Sprint Nextel (http://host.businessweek.com/businessweek/Corporate_Snapshot.html?Symbol=S)
Reiterates 4 STARS (buy)
Analyst: Kenneth Leon, CPA
Sprint intends to launch Mobile WiMAX broadband services in initial markets Chicago and Washington, DC, by year-end 2007, with a larger roll-out covering 100 million or more people by end of 2008. We believe WiMAX is closer to reality, given the leading wireless device makers are supporting Sprint’s network rollout and the planned IPOs for Clearwire and NextWave Wireless, two WiMAX carriers, filed with the SEC. In Las Vegas this week, Sprint and MobiTV will demonstrate WiMAX mobile TV. Priced at an enterprise value of 5.7 times our 2007 EBITDA estimate, below peers, our recommendation is buy.
RadioShack (http://host.businessweek.com/businessweek/Corporate_Snapshot.html?Symbol=RSH)
Reiterates 2 STARS (sell)
Analyst: Michael Souers
Despite its projection of a 7.8% decline in comparable-store sales, slightly worse than we had forecast, the retailer expects fourth quarter net income to increase. We believe the company has done an admirable job in terms of cost containment. However, we believe continued top-line weakness will hamper operating margin expansion over the longer term. We continue to look for fourth quarter EPS of 43 cents, and are keeping our respective 2006 and 2007 estimates of 73 cents and 93 cents. We find RadioShack unattractive at about 20 times our 2007 EPS estimate, a premium to faster-growing peers and modestly above the company’s 3-year historical average.
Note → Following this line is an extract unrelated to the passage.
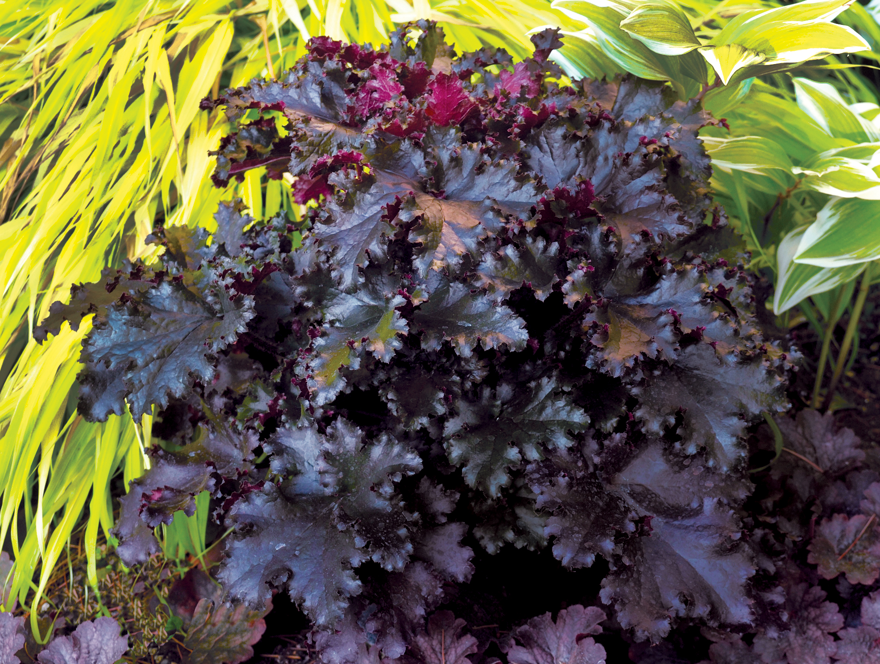 Silky, black foliage chicly ruffled as if it were launched from a Parisian fashion house! Large, glossy leaves in perfect proportion to the plant. Great vigor and reliability are TERRA NOVA® trademark in the world of Heuchera. You've got to see this one in person to fully appreciate its charm and elegance.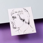‘Maar wat ik ermee bedoelde? Of ik er iets mee bedoelde? Geen idee. Volgens mij was mijn gedachte dat je bij doorschijnend papier alsnog twee helften van mijn gezicht zou zien. Maar ja, dat slaat ook niet echt ergens op, want dan heb je twee ogen die allebei een andere kant op kijken. Sommige andere schrijvers bleken bij dit projectje echt heel goeie tekenaars, zoals Carmiggelt. Ik niet. Ik tekende mezelf heel vlug en onnadenkend, binnen een paar minuten was ik klaar. Ik vond het een leuk, raar verzoek. Sowieso was het een mooie tijd, waar ik graag aan terugdenk, want bij De Revisor gebeurde van alles. En voor mij begon daar ook heel veel.’

Audible (http://host.businessweek.com/businessweek/Corporate_Snapshot.html?Symbol=ADBL)
Ups to 3 STARS (hold) from 2 STARS (sell)
Analyst: Scott Kessler
Shares have fallen some 15% since the high on December 7 and are now below our 12-month target price of $8. From the low on September 26, Audible has risen 20%. We are still skeptical of the company’s prospects for longer-term growth and nearer-term profitabilty. However, we have seen recent indications that Audible has been advertising online more aggressively. Moreover, we think near-term positive catalysts could include a conference presentation scheduled for Wednesday, January 10, and fourth quarter results, which we expect by February. Our upgrade reflects risk-reward considerations.
Varian Semiconductor (http://host.businessweek.com/businessweek/Corporate_Snapshot.html?Symbol=VSEA)
Cuts to 2 STARS (sell) from 3 STARS (hold)
Analyst: David Kaplan
With Varian Semiconductor shares trading at 26 times our calendar 2006 earnings per share (EPS) estimate of $1.76 and 18.9 times our calendar 2007 estimate of $2.42, we view stock as overvalued. Shares have risen 10% in the last 30 days, and now exceed our 12-month target price of $44. While we believe Varian Semiconductor gained market share in 2005 and 2006, we think competition is likely to heat up from competitor Acxelis (http://host.businessweek.com/businessweek/Corporate_Snapshot.html?Symbol=ACLS), which is making slow but steady progress in the ramp of its new Optima HD product.
Sanyo Electric (http://host.businessweek.com/businessweek/Corporate_Snapshot.html?Symbol=SANYY)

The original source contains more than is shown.